Activity
Starting at the line that contains "Figure 4. Permabioreactor", return every line through the end of the data exactly, without pictures.

Stored items from a collection
--- START ---

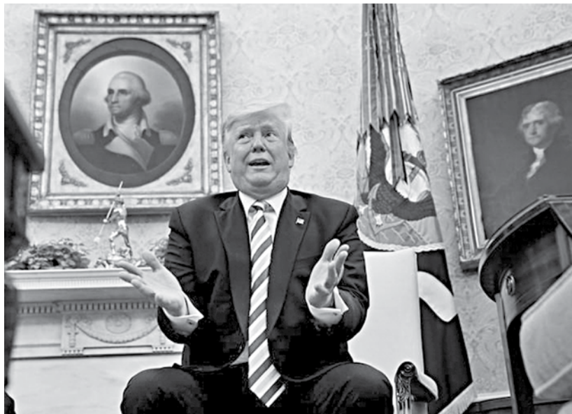
US President Donald Trump answers questions from reporters as he meets with Romania's President Klaus Iohannis in the Oval Office in Washington on August 20.

2-year Treasury bonds than for 10-year Treasury bonds, a potential signal of lost faith in near-term economic growth. Trump dismissed fears of a slowdown, extolling low unemployment and a rising stock market over his tenure. "I think the word 'recession' is a word that's inappropriate...We're very far from a recession," he said. The Washington Post reported a temporary payroll tax cut was under consideration to juice growth, but Trump said the White House has been weighing tax cuts for some time. A slowdown would be bad news for Trump, who is building his 2020
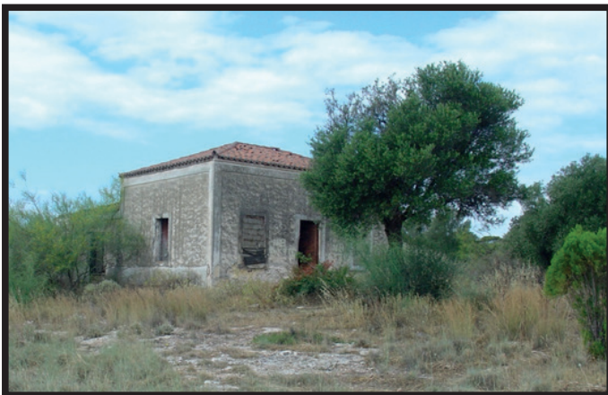
Figure Figure 20: View of Building 9 from the church of Agios Georgios.

The building that simulates the grocery store is Building 9, which is in pretty good condition. The visitor can buy local products and taste the traditional platetsi (oil pie), the kougougoulouari (pumpkin pie),
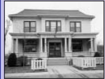
Aldrich Memorial Nursery School 1954 - 1991
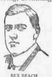
REX BEACH Famous Author, says "I have smoked Tuxedo to sub-Arctic Alaska, at Panama and everywhere—would not smoke another kind."

Among the world's great story tellers, those gifted, entertaining tellers, Rex Beach is stacking high; and I am always in my glory when I have got a new Beach story; it suits me more than pie. Red blood in all his yarns is seething; his characters are living, breathing, not dummies made of wood; strong men admire his kind of writing, of heroism, peril, fighting—it's always to the good. And Rex, when he is busy working, his trusty old typewriter jerking, until it busts a spoke, to have his inspiration quickened keeps all the air around him thickened with rich Tuxedo smoke. Say, have you noticed, gentle readers, how many famous men and leaders explain Tuxedo's worth? As man's great solace they expound it, and that's because they all have found it the best there is on earth.
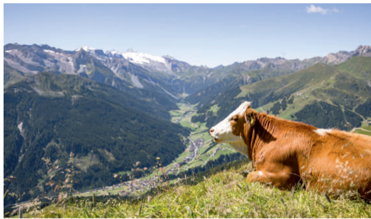
Immerse yourself in the magnificent mountain world of the Tux Valley and allow yourself to be swept away by the veritable plethora of leisure opportunities!

T he hiking paradise of Tux-Finkenberg offers incredibly “high spirits”. Feel the positive power of the clear mountain air during an easy hike to a mountain hut, or a more challenging summit tour where crystal-clear mountain lakes, stupendous waterfalls and unique flora and fauna await. Your mountain adventure in Tux-Finkenberg is surrounded by the peaks of the Tux Alpine panorama.
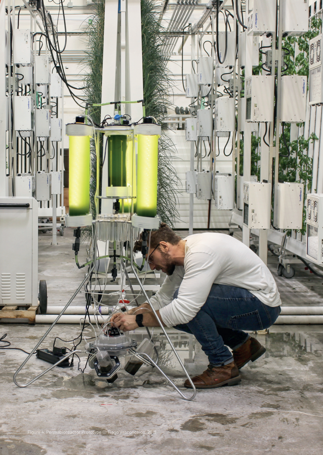
Figure 4. Permabioreactor Prototype © Tiago Vasconcelos, 2018
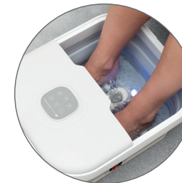
6 Reflexology rollers
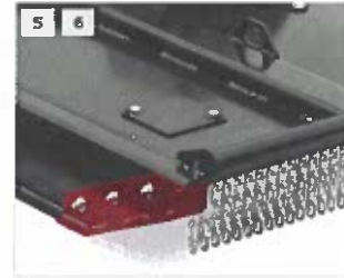
5. CHAIN CURTAIN PREVENTS FLYING DEBRIS

--- END ---

Task output
Figure 4. Permabioreactor Prototype © Tiago Vasconcelos, 2018
6 Reflexology rollers
5. CHAIN CURTAIN PREVENTS FLYING DEBRIS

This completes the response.